>>>>

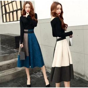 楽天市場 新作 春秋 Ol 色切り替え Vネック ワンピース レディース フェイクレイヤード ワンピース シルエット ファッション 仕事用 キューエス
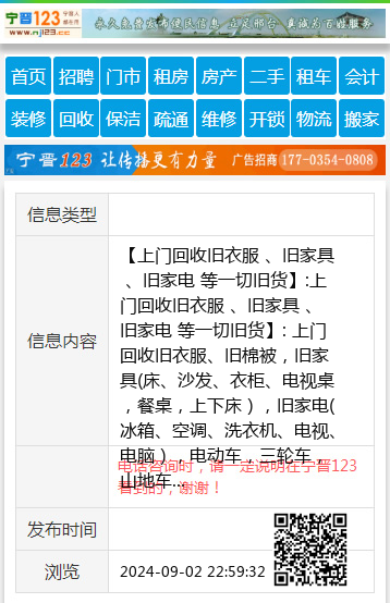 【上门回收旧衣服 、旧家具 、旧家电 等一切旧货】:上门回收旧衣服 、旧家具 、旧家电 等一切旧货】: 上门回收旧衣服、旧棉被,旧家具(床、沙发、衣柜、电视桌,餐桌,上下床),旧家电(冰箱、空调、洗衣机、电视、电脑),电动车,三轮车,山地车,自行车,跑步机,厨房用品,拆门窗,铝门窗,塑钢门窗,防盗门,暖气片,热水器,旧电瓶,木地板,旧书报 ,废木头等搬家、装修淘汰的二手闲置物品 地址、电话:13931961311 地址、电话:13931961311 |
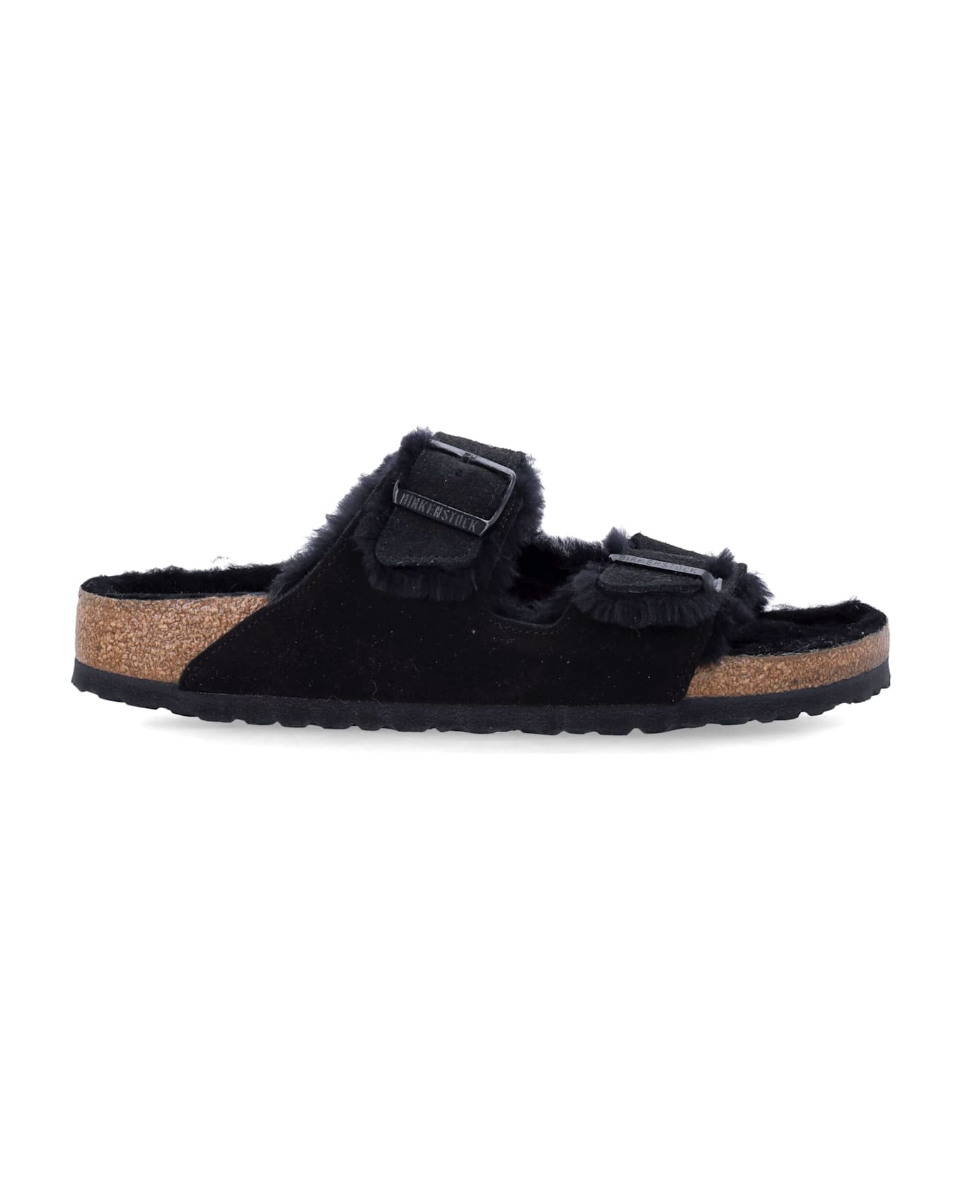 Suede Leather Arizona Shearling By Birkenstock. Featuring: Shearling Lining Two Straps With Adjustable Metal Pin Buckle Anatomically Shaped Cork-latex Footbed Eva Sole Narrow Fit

<<<<
>>>>

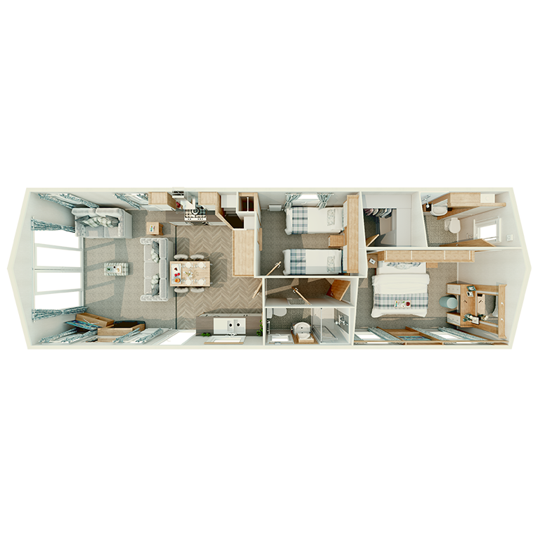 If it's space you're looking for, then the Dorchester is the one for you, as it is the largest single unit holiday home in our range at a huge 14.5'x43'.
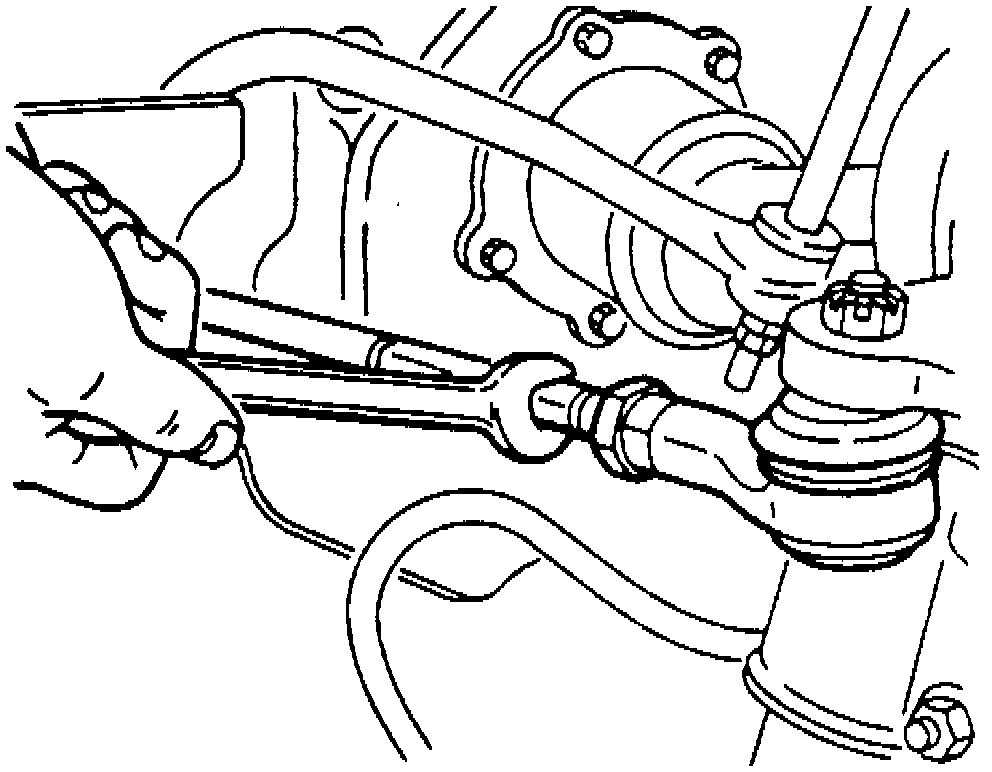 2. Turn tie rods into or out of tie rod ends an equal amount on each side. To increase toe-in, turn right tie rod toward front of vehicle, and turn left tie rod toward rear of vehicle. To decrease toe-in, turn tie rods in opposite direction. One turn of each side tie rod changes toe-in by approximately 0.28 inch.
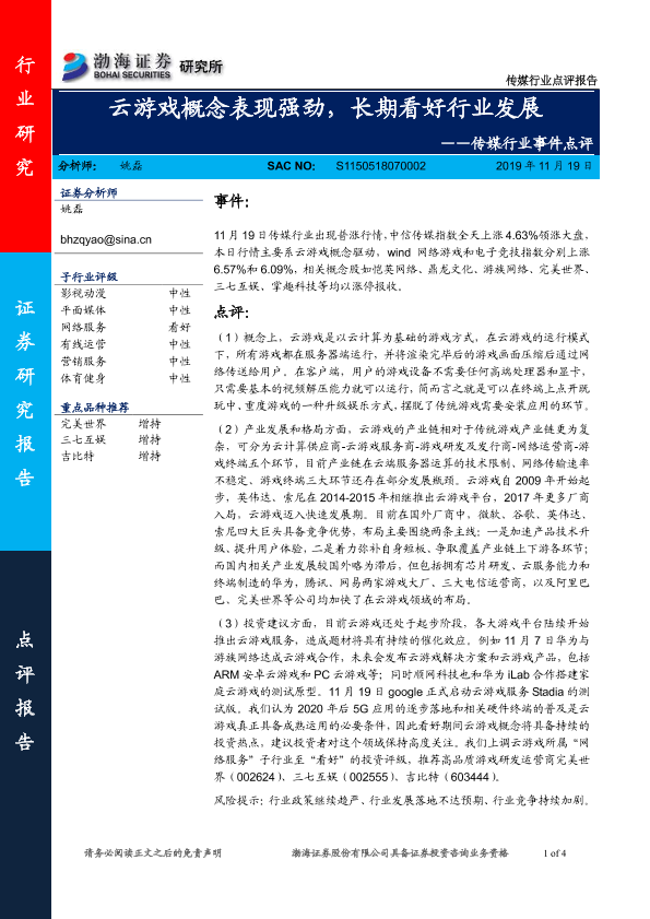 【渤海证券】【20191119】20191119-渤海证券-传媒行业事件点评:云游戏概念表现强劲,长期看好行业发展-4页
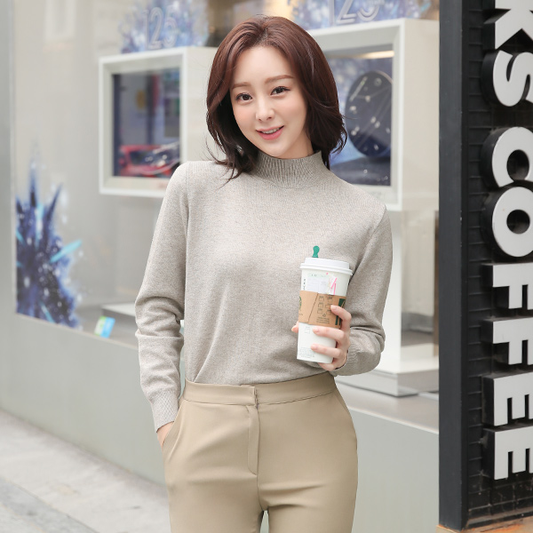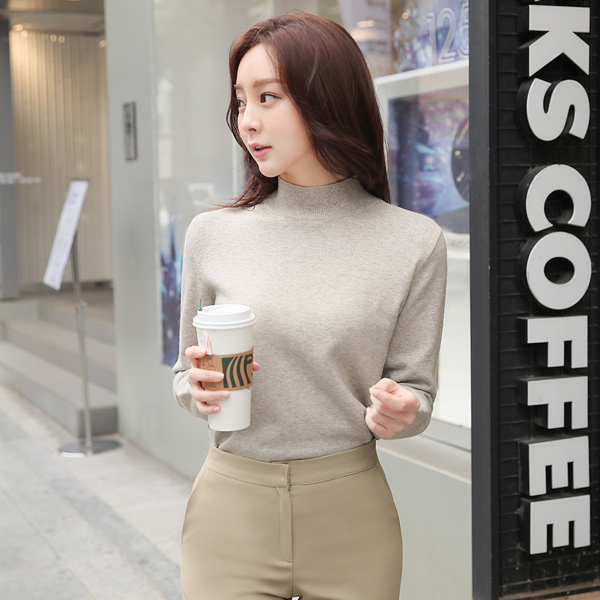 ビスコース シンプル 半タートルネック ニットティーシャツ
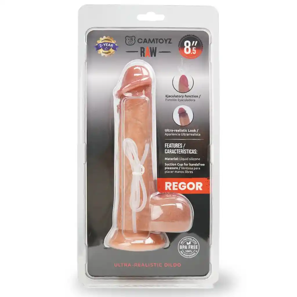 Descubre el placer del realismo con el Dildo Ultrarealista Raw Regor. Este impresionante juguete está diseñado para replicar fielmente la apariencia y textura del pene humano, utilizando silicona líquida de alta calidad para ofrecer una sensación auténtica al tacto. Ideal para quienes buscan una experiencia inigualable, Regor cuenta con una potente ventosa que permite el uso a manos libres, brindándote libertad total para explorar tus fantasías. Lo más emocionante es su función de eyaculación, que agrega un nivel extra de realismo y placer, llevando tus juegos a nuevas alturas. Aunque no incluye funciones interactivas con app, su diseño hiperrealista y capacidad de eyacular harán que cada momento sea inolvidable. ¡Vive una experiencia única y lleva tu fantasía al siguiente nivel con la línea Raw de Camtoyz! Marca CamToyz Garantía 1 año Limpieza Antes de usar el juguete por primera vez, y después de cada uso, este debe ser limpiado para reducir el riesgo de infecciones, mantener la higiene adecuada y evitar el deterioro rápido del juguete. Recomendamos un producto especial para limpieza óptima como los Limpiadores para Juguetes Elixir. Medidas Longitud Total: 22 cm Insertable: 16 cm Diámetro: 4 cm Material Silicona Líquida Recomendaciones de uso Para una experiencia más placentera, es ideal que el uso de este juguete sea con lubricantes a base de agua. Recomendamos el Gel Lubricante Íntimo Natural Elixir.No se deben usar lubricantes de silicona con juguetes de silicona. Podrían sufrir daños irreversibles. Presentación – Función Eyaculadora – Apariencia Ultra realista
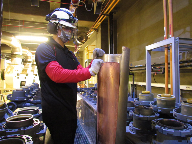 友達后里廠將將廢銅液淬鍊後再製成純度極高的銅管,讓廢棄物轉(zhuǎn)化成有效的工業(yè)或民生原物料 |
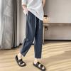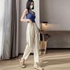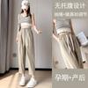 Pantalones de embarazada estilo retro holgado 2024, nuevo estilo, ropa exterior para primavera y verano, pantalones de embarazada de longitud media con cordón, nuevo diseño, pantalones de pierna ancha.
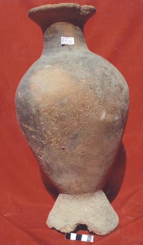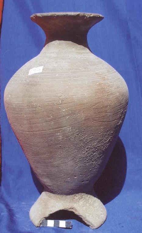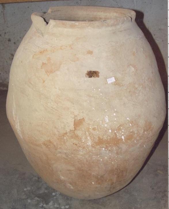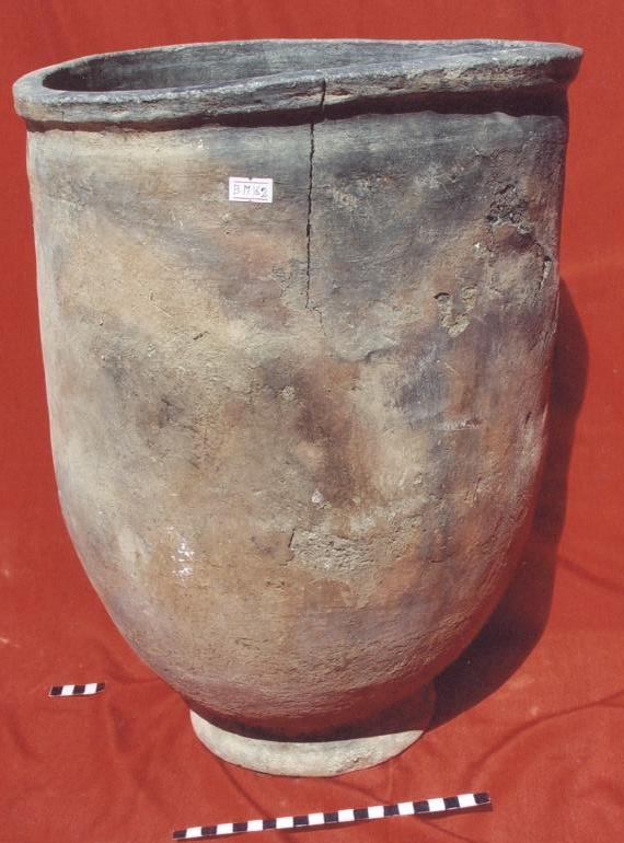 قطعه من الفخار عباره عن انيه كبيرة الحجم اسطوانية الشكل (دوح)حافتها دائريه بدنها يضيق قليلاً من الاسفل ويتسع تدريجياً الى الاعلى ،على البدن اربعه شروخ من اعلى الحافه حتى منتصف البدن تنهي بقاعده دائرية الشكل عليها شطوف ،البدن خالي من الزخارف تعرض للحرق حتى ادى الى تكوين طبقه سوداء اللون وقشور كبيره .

<<<<

= WORK TO COMPLETE =
Word for word, repeat the lines above from the one with "楽天市場 新作 春秋 Ol" through the one with "Suede Leather Arizona", and nothing beyond them. Omit the pictures.

= FINISHED TASK =
 楽天市場 新作 春秋 Ol 色切り替え Vネック ワンピース レディース フェイクレイヤード ワンピース シルエット ファッション 仕事用 キューエス
 【上门回收旧衣服 、旧家具 、旧家电 等一切旧货】:上门回收旧衣服 、旧家具 、旧家电 等一切旧货】: 上门回收旧衣服、旧棉被,旧家具(床、沙发、衣柜、电视桌,餐桌,上下床),旧家电(冰箱、空调、洗衣机、电视、电脑),电动车,三轮车,山地车,自行车,跑步机,厨房用品,拆门窗,铝门窗,塑钢门窗,防盗门,暖气片,热水器,旧电瓶,木地板,旧书报 ,废木头等搬家、装修淘汰的二手闲置物品 地址、电话:13931961311 地址、电话:13931961311 |
 Suede Leather Arizona Shearling By Birkenstock. Featuring: Shearling Lining Two Straps With Adjustable Metal Pin Buckle Anatomically Shaped Cork-latex Footbed Eva Sole Narrow Fit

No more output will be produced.